By SANCHESKA DORSETT
Tribune Staff Reporter
FREE National Movement Leader Dr Hubert Minnis said yesterday that his party will “privatise carnival” and invest the country’s money into Junkanoo and other cultural events if elected in the next general election.
In an interview with The Tribune, Dr Minnis said the FNM will not cancel the controversial event but rather “take it out of the hands of the government” and turn it over to the private sector. He said he will focus on “advancing our own identity” and letting someone else “throw a big party”.
Dr Minnis said the millions wasted on Bahamas Junkanoo Carnival could be utilised to increase the seed money and prizes offered for the Boxing Day and New Year’s Day Junkanoo parades.
Since its roll out in 2015, Bahamas Junkanoo Carnival has faced backlash from critics about the amount spent on the festival compared to the financial return. Some have also accused the government of adopting other countries’ culture, instead of investing more funding into the Bahamas’ premier cultural event, Junkanoo.
In September, the Bahamas National Festival Commission (BNFC) revealed that the total cost for the 2016 Junkanoo Carnival was $9.8m with a government subsidy of $8.1m.
Last year, the government spent $11.3m on the inaugural festival, going over its initial budget of $9m, with the total cost of the first carnival $12.9m, with the rest covered by sponsors.
“We will have a Ministry of Culture so we can look at our culture and what Bahamians are capable of doing, including with our own music industry,” Dr Minnis said.
“We will ensure we have incentivised grants to make our own cultural experience one that will be envied not only in the Caribbean but all over the world. There will be a complete cultural explosion under the FNM. The FNM will not just look at Junkanoo in its isolation it will be a part of the explosion.

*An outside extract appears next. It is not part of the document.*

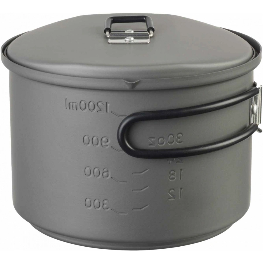 Pot: 1.5 l, anodized aluminum with graduation in ml and oz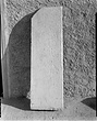 | Description: | Inscribed grave stele. A great stele, broken off at the top. Back and sides finished smooth. Two fine drafted lines run vertically down each side of the front face, near the edge, to 0.082m. from the bottom, where the stele was set into its cutting or socket. As seen from the measurements, it tapers toward the top both as to width and thickness. Stele of Theron. Inscribed retrograde, 0.42m. up from the bottom; probably painted. Pentelic (?) marble. | |

“We will ensure that new Bahamian entrepreneurs will be brought forth into this Bahamas and take part in this new cultural explosion. We will ensure that the knowledge that the young people have and the skill will be showcased. When the world sees Junkanoo, they will know it is the Bahamas. We will privatise carnival; it is not ours and the government does not need to be funding it. It will be someone else’s party to throw. Our money will be invested in something that is our own.”
The government has been highly criticised for hosting the event and not making a profit.
Earlier this year, BNFC Chairman Paul Major said the festival has never been and will never be about turning a profit on investment, contending that no variation of the event hosted around the world has generated a profit for the host nation.
He said the success of the festival must be measured by the thousands of persons that benefit from the event indirectly.